- Your assignment
Starting with the line that holds "Gambar 5. Kediaman Kartini Kedatangan Tamu" and stopping after the line that holds "Tarkistus- ja huoltokohteet helposti.", repeat the lines below word for word, without the pictures.

(Stored data)
━━━━━━
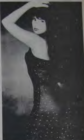
Sevana dá um plê na temporada de sol e veste transparentes, só para arripiar.
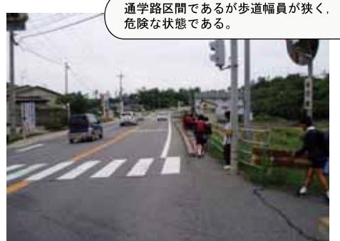
②3 国道9号 浜田市久代町：歩道設置工事中
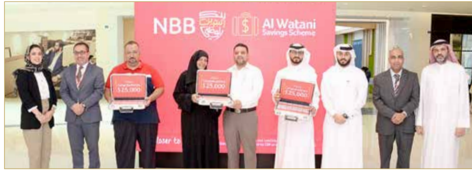
الفائزون يتسلمون جوائزهم

50 ديناراً. أما العملاء الذين لديهم متوسط رصيد شهري قدره 1000 دينار فما فوق، فيتأهلون للفوز بجميع الجوائز الشهرية والنصف سنوية إضافة إلى الجائزة الكبرى وجائزة الحلم*. كما يهدف بنك البحرين الوطني لغرس ثقافة الادخار لدى جميع أفراد المجتمع التي تعود عليهم بالمنفعة. ويحث العملاء الكرام على المشاركة والاستفادة من فرص الفوز المتعددة للبرنامج وترقب جائزة الحلم التي سيتم الإعلان عنها قريباً.
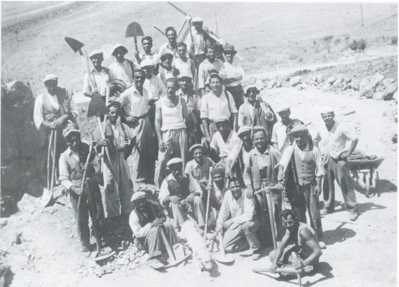
Abb. 2 - Jahr 1951: Die Männer von Su Nuraxi (da Murru 2000, S. 47).
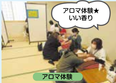
アロマ体験★ いい香り
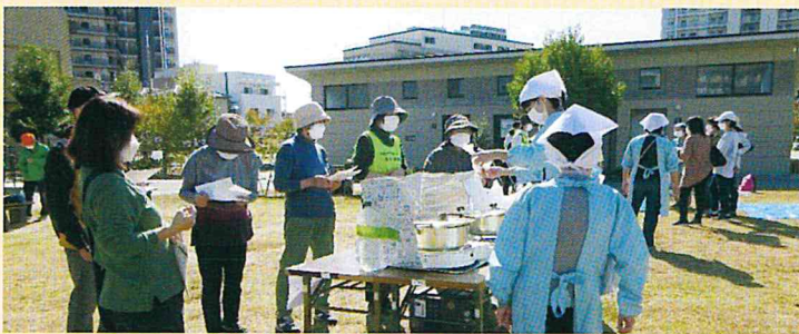
災害時のパッキング

キセラせせらぎ公園で、“災害食クッキング”と一緒に公園の災害時用設備（かまどベンチ・マンホールトイレ）の使用方法について学びました。公園に遊びに来ていた方も何名か参加してくださり、災害時用設備について広く知って頂く機会となりました。
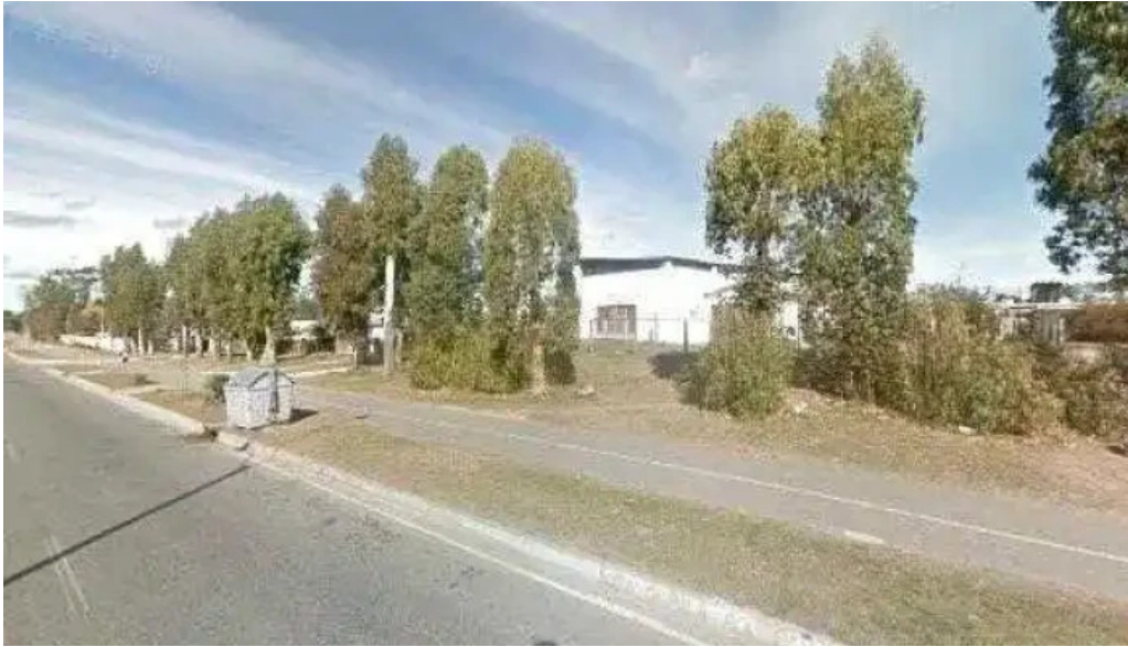
Frami street view y 360
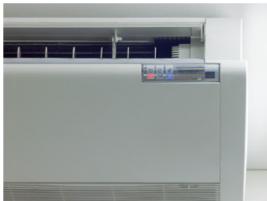
Auf Wunsch liefern wir Ihnen zur Kühlung und Teilentfeuchtung Schalträume mit vorinstallierter Klimaanlage.

■ Durch unsere langjährige europaweite Erfahrung sind wir Ihnen ein kompetenter Partner in Sachen Systembau. Wir bieten Ihnen konzeptionelle Schaltraumelemente in verschiedenen Größen und Varianten oder individuell ganz nach Ihren Wünschen.
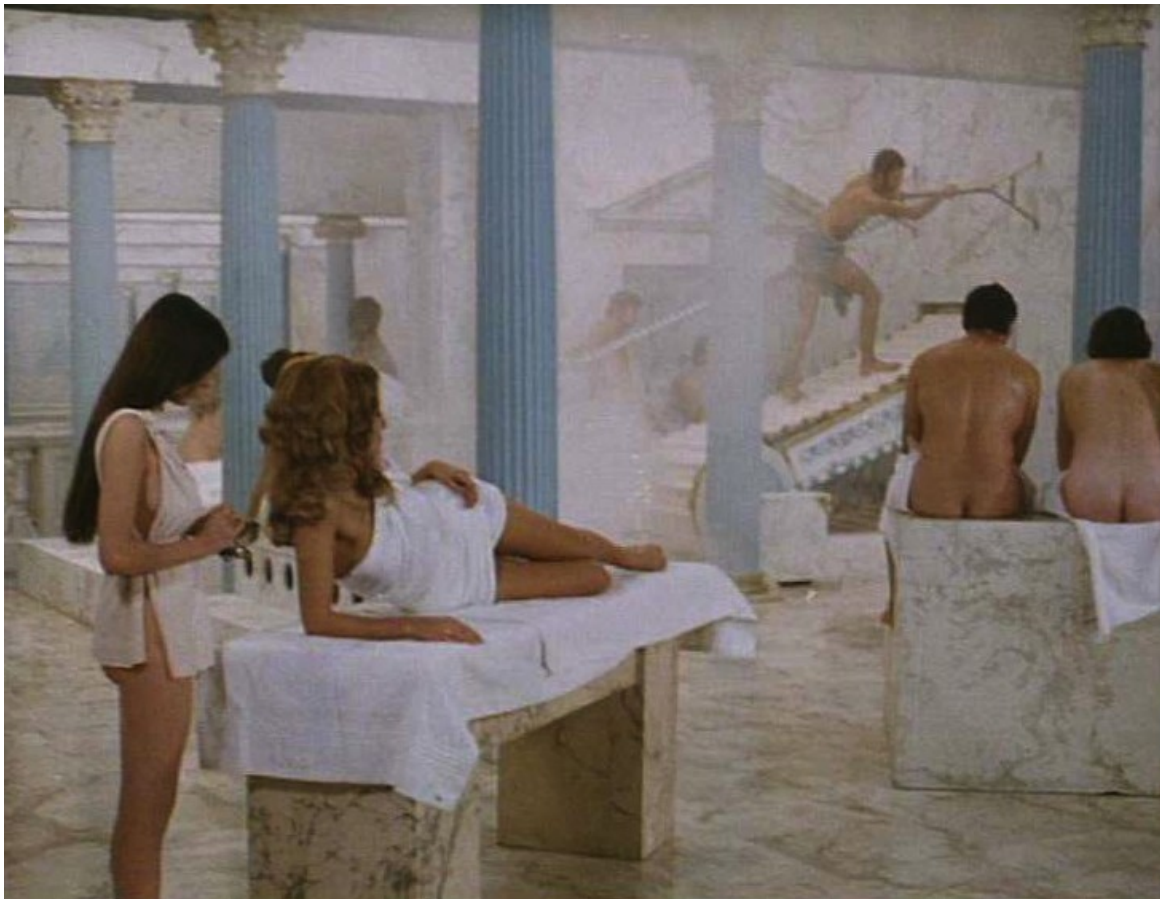
Up Pompeii : une baigneuse contemple le spectacle, puis se tourne vers son esthéticienne et...
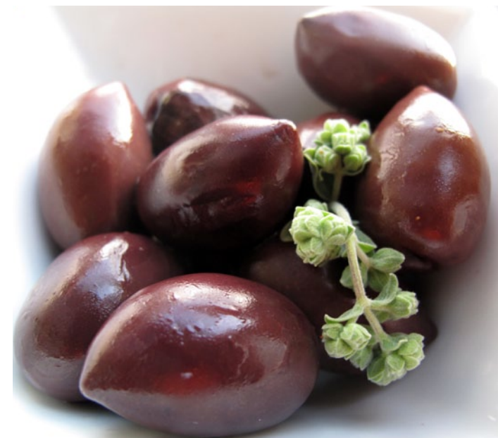
Oliver odlas på ön.

Yogurtdryck som säljs från vagnar på gatan.
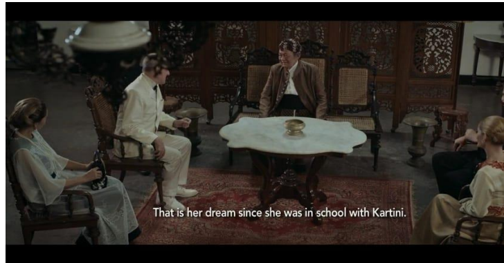
Gambar 5. Kediaman Kartini Kedatangan Tamu
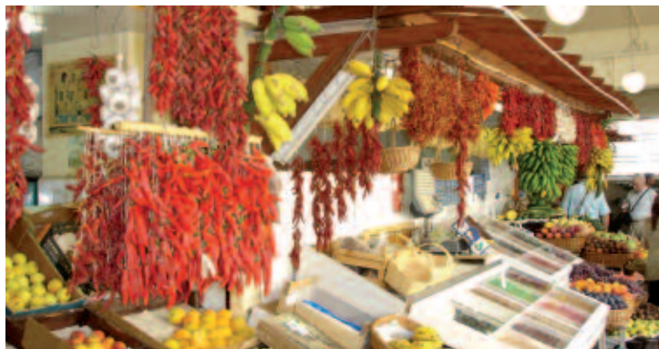
Étal du marché de Funchal

Piscine avec matelas et parasols à disposition. Prêt de serviettes de bains. Avec participation : Tennis. Possibilité de louer le matériel (avec supplément). 2 heures de tennis offertes par semaine sur le court de l'hôtel.
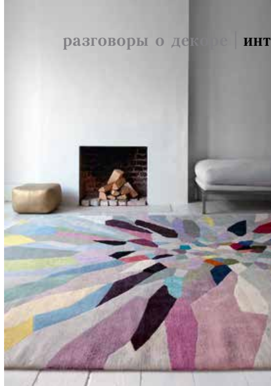
Тибетский ковер ручной работы Zap, художник — Фиона Карран, The Rug Company, шоу-рум The Rug Company
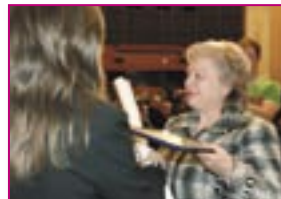
■ s. Ciocîlteni, r-nul Orhei
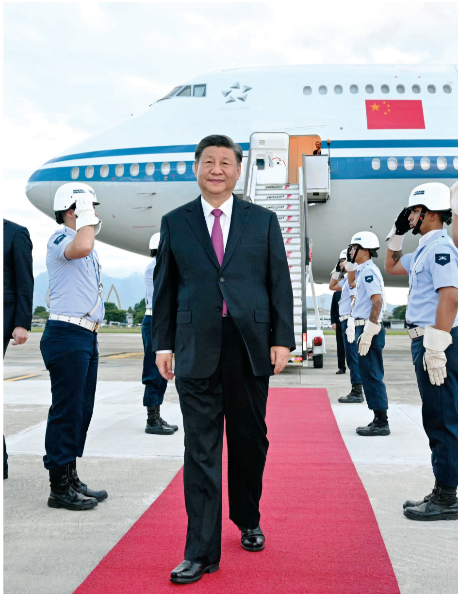
当地时间11月17日下午，国家主席习近平乘专机抵达里约热内卢，应巴西联邦共和国总统卢拉邀请，出席二十国集团领导人第十九次峰会并对巴西进行国事访问。

新华社里约热内卢11月17日电（记者陈威华、马峥）当地时间11月17日下午，国家主席习近平乘专机抵达里约热内卢，应巴西联邦共和国总统卢拉邀请，出席二十国集团领导人第十九次峰会并对巴西进行国事访问。
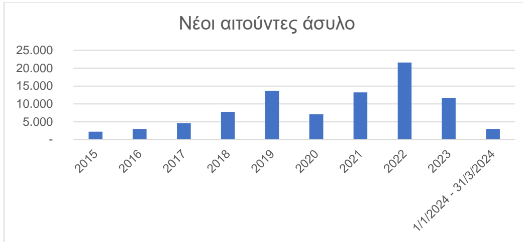
Πίνακας 6 Νέες Αιτήσεις Ασύλου

Το Πρόγραμμα του Ταμείου Εσωτερικής Ασφάλειας (ΤΕΑ) για την Προγραμματική Περίοδο 2021-27 (εφεξής Πρόγραμμα), εγκρίθηκε με την υπ' αριθμό C(2023) 293/11.01.2023. Εκτελεστική Απόφαση της Ε.Ε την 11 η Ιανουαρίου 2023. Για την νέα Προγραμματική Περίοδο 2021-2027, στόχος του Ταμείου είναι να συμβάλει στην εξασφάλιση υψηλού επιπέδου ασφάλειας στην Ένωση, ειδικά με την πρόληψη και την καταπολέμηση της τρομοκρατίας και της ριζοσπαστικοποίησης, του σοβαρού και οργανωμένου εγκλήματος και του κυβερνο-εγκλήματος, με την παροχή βοήθειας και την προστασία των θυμάτων εγκληματικών πράξεων, καθώς και με την προετοιμασία για την αντιμετώπιση περιστατικών, κινδύνων και κρίσεων που συνδέονται με την ασφάλεια, με την προστασία έναντι αυτών και με την αποτελεσματική διαχείριση τους, εντός του πεδίου εφαρμογής του Κανονισμού 2021/1149 του Ευρωπαϊκού Κοινοβουλίου και του Συμβουλίου της 7ης Ιουλίου 2021.
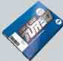
One Turbo Sim Card (içinde 5€ Guthaben)
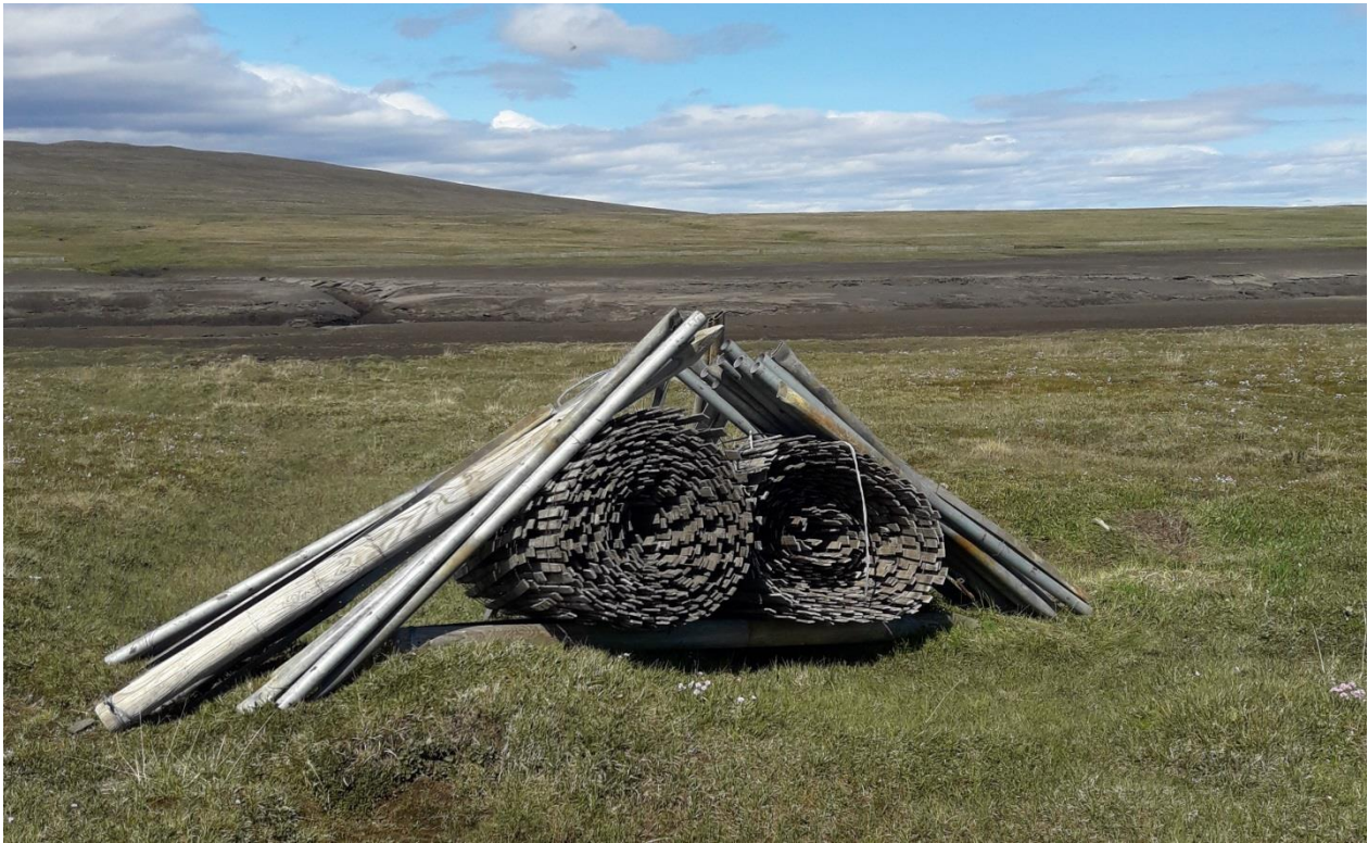
Mynd 10. Haгур нúmer 3
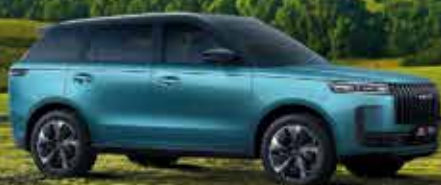
JAECCO 5 1.5-H
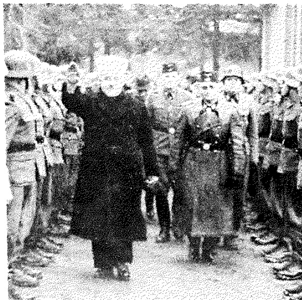
The Grand Mufti of Jerusalem reviewing Nazi troops.

With World War II, this long epoch was brought to a crude and malevolent close. In 1923 Hitler wrote Mein Kampf spelling out his belief that the Jewish people should "ל" be wiped out. This was read by Haj Amin el-Husseini, the Grand Mufti of Jerusalem, who found
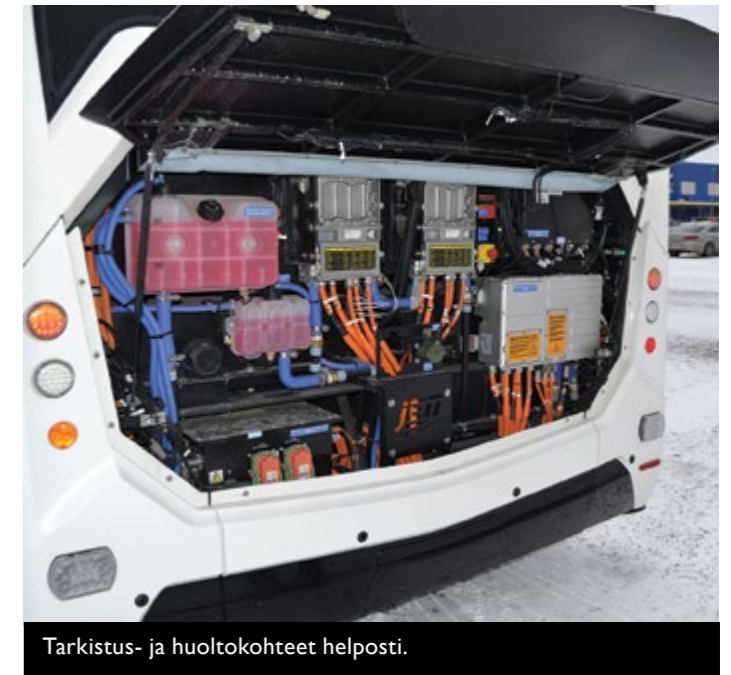
Tarkistus- ja huoltokohteet helposti.

Nyt on hyvä paketti. Miellyn tietysti suomalaisuuteen, mutta nyt on oikeasti mietitty asioita niin kuljettajan,
━━━━━━
- Task output
Gambar 5. Kediaman Kartini Kedatangan Tamu
Étal du marché de Funchal

Piscine avec matelas et parasols à disposition. Prêt de serviettes de bains. Avec participation : Tennis. Possibilité de louer le matériel (avec supplément). 2 heures de tennis offertes par semaine sur le court de l'hôtel.
Тибетский ковер ручной работы Zap, художник — Фиона Карран, The Rug Company, шоу-рум The Rug Company
■ s. Ciocîlteni, r-nul Orhei
当地时间11月17日下午，国家主席习近平乘专机抵达里约热内卢，应巴西联邦共和国总统卢拉邀请，出席二十国集团领导人第十九次峰会并对巴西进行国事访问。

新华社里约热内卢11月17日电（记者陈威华、马峥）当地时间11月17日下午，国家主席习近平乘专机抵达里约热内卢，应巴西联邦共和国总统卢拉邀请，出席二十国集团领导人第十九次峰会并对巴西进行国事访问。
Πίνακας 6 Νέες Αιτήσεις Ασύλου

Το Πρόγραμμα του Ταμείου Εσωτερικής Ασφάλειας (ΤΕΑ) για την Προγραμματική Περίοδο 2021-27 (εφεξής Πρόγραμμα), εγκρίθηκε με την υπ' αριθμό C(2023) 293/11.01.2023. Εκτελεστική Απόφαση της Ε.Ε την 11 η Ιανουαρίου 2023. Για την νέα Προγραμματική Περίοδο 2021-2027, στόχος του Ταμείου είναι να συμβάλει στην εξασφάλιση υψηλού επιπέδου ασφάλειας στην Ένωση, ειδικά με την πρόληψη και την καταπολέμηση της τρομοκρατίας και της ριζοσπαστικοποίησης, του σοβαρού και οργανωμένου εγκλήματος και του κυβερνο-εγκλήματος, με την παροχή βοήθειας και την προστασία των θυμάτων εγκληματικών πράξεων, καθώς και με την προετοιμασία για την αντιμετώπιση περιστατικών, κινδύνων και κρίσεων που συνδέονται με την ασφάλεια, με την προστασία έναντι αυτών και με την αποτελεσματική διαχείριση τους, εντός του πεδίου εφαρμογής του Κανονισμού 2021/1149 του Ευρωπαϊκού Κοινοβουλίου και του Συμβουλίου της 7ης Ιουλίου 2021.
One Turbo Sim Card (içinde 5€ Guthaben)
Mynd 10. Haгур нúmer 3
JAECCO 5 1.5-H
The Grand Mufti of Jerusalem reviewing Nazi troops.

With World War II, this long epoch was brought to a crude and malevolent close. In 1923 Hitler wrote Mein Kampf spelling out his belief that the Jewish people should "ל" be wiped out. This was read by Haj Amin el-Husseini, the Grand Mufti of Jerusalem, who found
Tarkistus- ja huoltokohteet helposti.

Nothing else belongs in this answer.